Letter: The elephant in the room
Wednesday evening I attended the forum at City Hall so that I could find out more about the candidates running for local office. I did not know most of them and came with an open mind. However, I was struck by the gender bias in the room. A male moderator ran the meeting, picked the questions, and did not allow any audience participation, while the lone visible woman was the timekeeper. Frankly, this is an atmosphere I would have expected in 1950, not today.
Most offensive was Tom Jankovsky, who moved to discredit Paula Stepp because of her supposed lack of business experience. He was smug, red-faced and very disparaging, including uncalled for final remarks which were nothing but a political slur.
Apparently the male reporter from the Post Independent also thought Stepp had nothing substantive to say, since most of the front page article consisted of quotes from Mr. Jankovsky. One of the most painful types of prejudice that women have come to expect is to be ignored or marginalized.
Mr. Jankovsky stated in his remarks that the area is 30 percent Hispanic, and we know it is 50 percent female. You certainly would not know this by looking at our representation by elected officials and appointed boards. Garfield County commissioners: three white men, zero women. Garfield County Planning Commission: nine men, one woman. Glenwood City Council: six men and one woman.

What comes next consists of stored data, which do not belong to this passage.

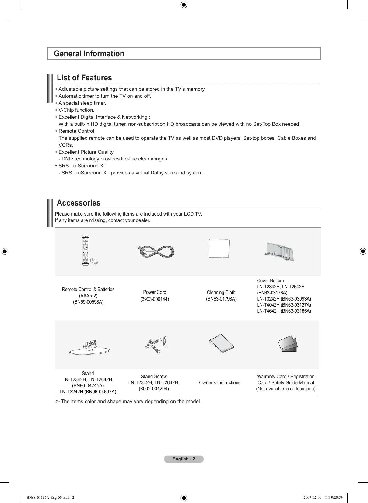 13 kg (28.6 lbs) 50 °F to 104 °F (10 °C to 40 °C) 10% to 80%, non-condensing -4 °F to 113 °F (-20 °C to 45 °C) 5% to 95%, non-condensing 50 °F to 104 °F (10 °C to 40 °C) 10% to 80%, non-condensing -4 °F to 113 °F (-20 °C to 45 °C) 5% to 95%, non-condensing 50 °F to 104 °F (10 °C to 40 °C) 10% to 80%, non-condensing -4 °F to 113 °F (-20 °C to 45 °C) 5% to 95%, non-condensing Model Name LN-T4042H LN-T4642H 40 inches 46 inches 195 W 255 W 1360 x 768 @ 60 Hz 1360 x 768 @ 60 Hz 10W X 2 10W X 2 1084 X 300 X 690 mm (42.6 X 11.8 X 27.1 inches) 1084 X 95 X 639 mm (42.6 X 3.7 X 25.1 inches) 1220 X 326 X 776 mm (48.0 X 12.8 X 30.5 inches) 1220 X 111 X 709 mm (48.0 X 4.3 X 27.9 inches)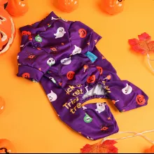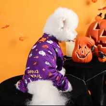 Get your furry friend ready for spooky season with these charming Halloween Dog Pajamas. Designed in a playful purple shade, this all-in-one dog outfit combines style, comfort, and function. With its cute four-legged pants design, your pup will look festive while staying cozy during the autumn chill. Crafted from lightweight polyester, this homewear is soft on the skin and perfect for indoor lounging or casual outdoor strolls.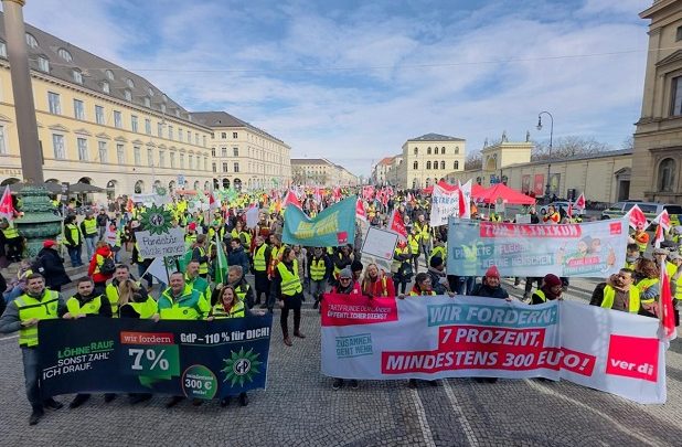 Almanya’da 2,2 milyon kamu çalışanını ilgilendiren toplu sözleşme görüşmelerinin ilk iki turunda anlaşma sağlanmaması üzerine Birleşik Hizmet Sendikası (ver.di) birçok eyalette uyarı grevleri gerçekleştirdi. Eyalet başkentlerinde düzenlenen gösteri ve yürüyüşlere binlerce emekçi katıldı.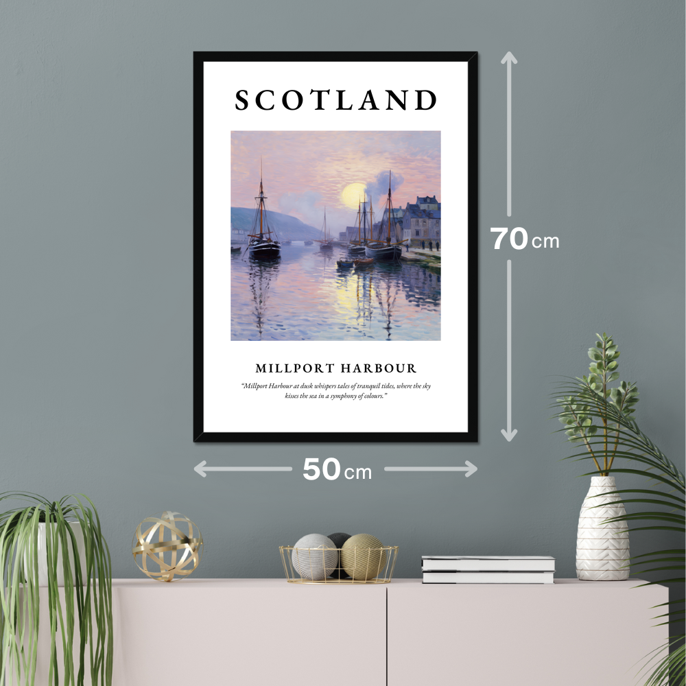 Bring the captivating allure of Scotland into your home with our stunning framed poster print, featuring a beautiful impressionistic painting of Millport Harbour. Measuring an impressive 50cm x 70cm, this large piece is a perfect statement for any wall, offering an elegant yet affordable way to transform your space.

If we really want to benefit all the people of this county, then everyone needs to be represented. Garfield County should be actively recruiting women, minorities and younger voters. They bring important different perspectives to the table that are imperative for healthy local government. Almost 100 years after women’s suffrage, Western Colorado can certainly do better. This is the elephant in the room that cannot continue to be ignored.